### Material to process
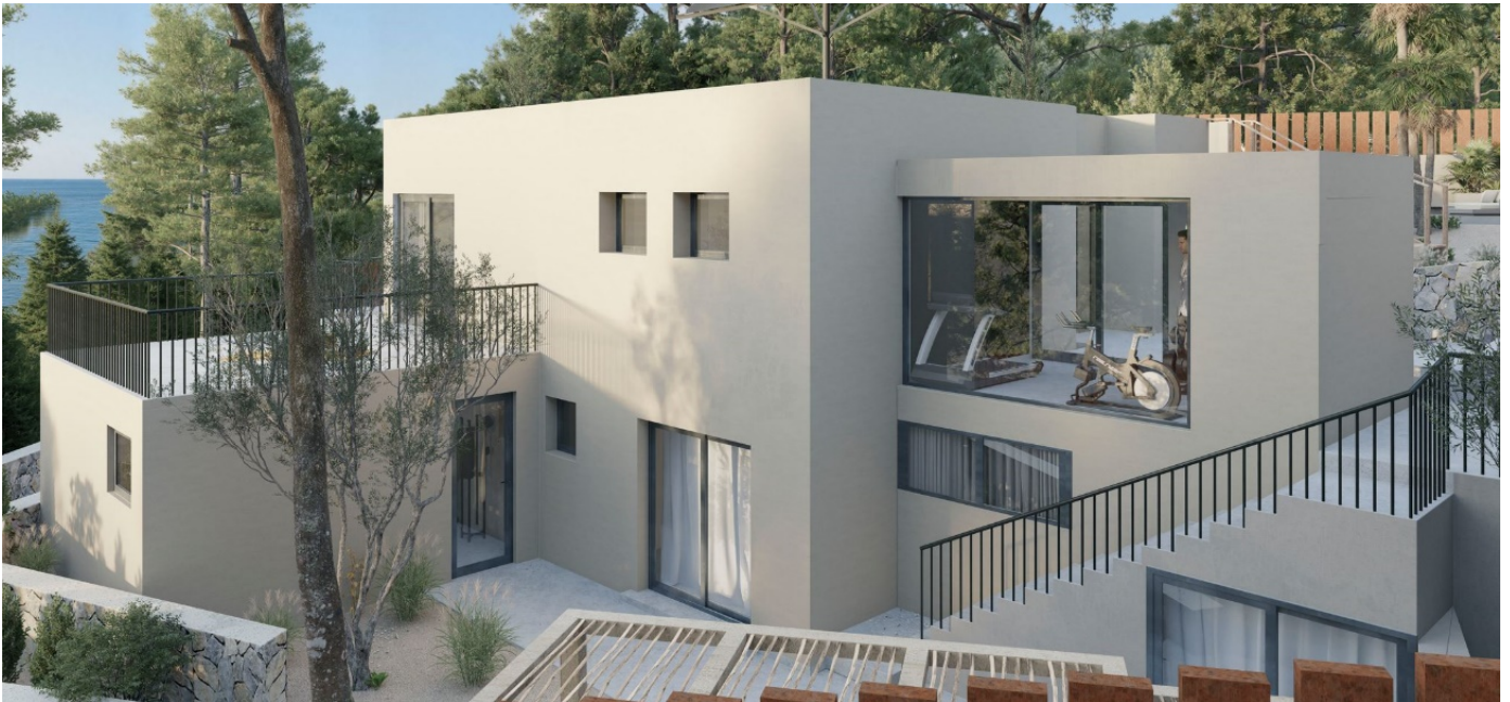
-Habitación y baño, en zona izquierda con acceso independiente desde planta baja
==
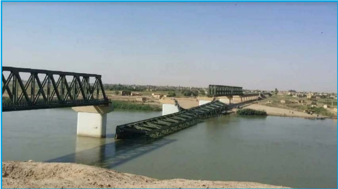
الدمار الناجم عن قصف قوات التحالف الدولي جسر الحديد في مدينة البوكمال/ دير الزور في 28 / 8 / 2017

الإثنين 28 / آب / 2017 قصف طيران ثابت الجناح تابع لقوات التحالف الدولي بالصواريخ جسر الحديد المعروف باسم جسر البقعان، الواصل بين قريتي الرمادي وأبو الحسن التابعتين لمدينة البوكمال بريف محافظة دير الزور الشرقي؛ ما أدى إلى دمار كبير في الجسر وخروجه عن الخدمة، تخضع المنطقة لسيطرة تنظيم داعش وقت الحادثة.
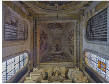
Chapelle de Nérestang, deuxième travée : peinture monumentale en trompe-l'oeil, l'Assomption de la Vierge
==
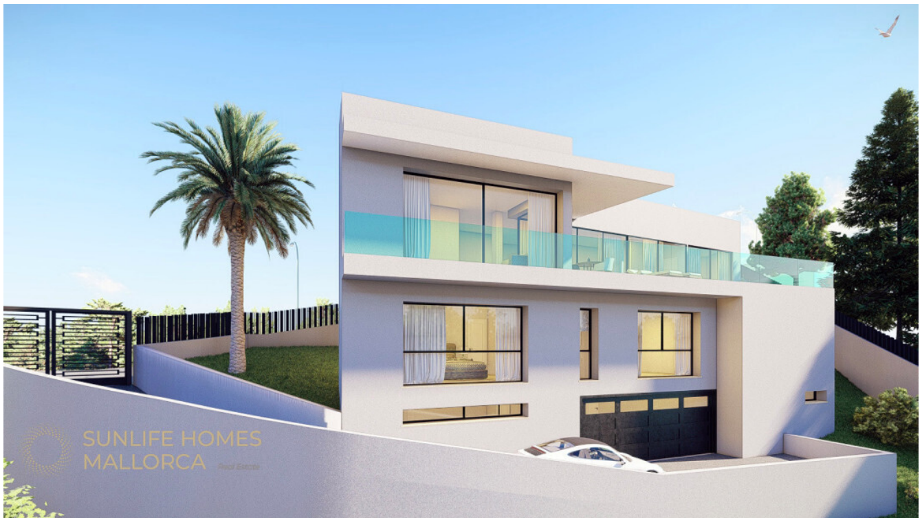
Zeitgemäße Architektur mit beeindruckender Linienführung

### What you will do
An exact copy is needed. It runs from the line above containing "الإثنين 28 /" down to the line containing "Chapelle de Nérestang, deuxième", both included, with no pictures.

### Final answer
الإثنين 28 / آب / 2017 قصف طيران ثابت الجناح تابع لقوات التحالف الدولي بالصواريخ جسر الحديد المعروف باسم جسر البقعان، الواصل بين قريتي الرمادي وأبو الحسن التابعتين لمدينة البوكمال بريف محافظة دير الزور الشرقي؛ ما أدى إلى دمار كبير في الجسر وخروجه عن الخدمة، تخضع المنطقة لسيطرة تنظيم داعش وقت الحادثة.
Chapelle de Nérestang, deuxième travée : peinture monumentale en trompe-l'oeil, l'Assomption de la Vierge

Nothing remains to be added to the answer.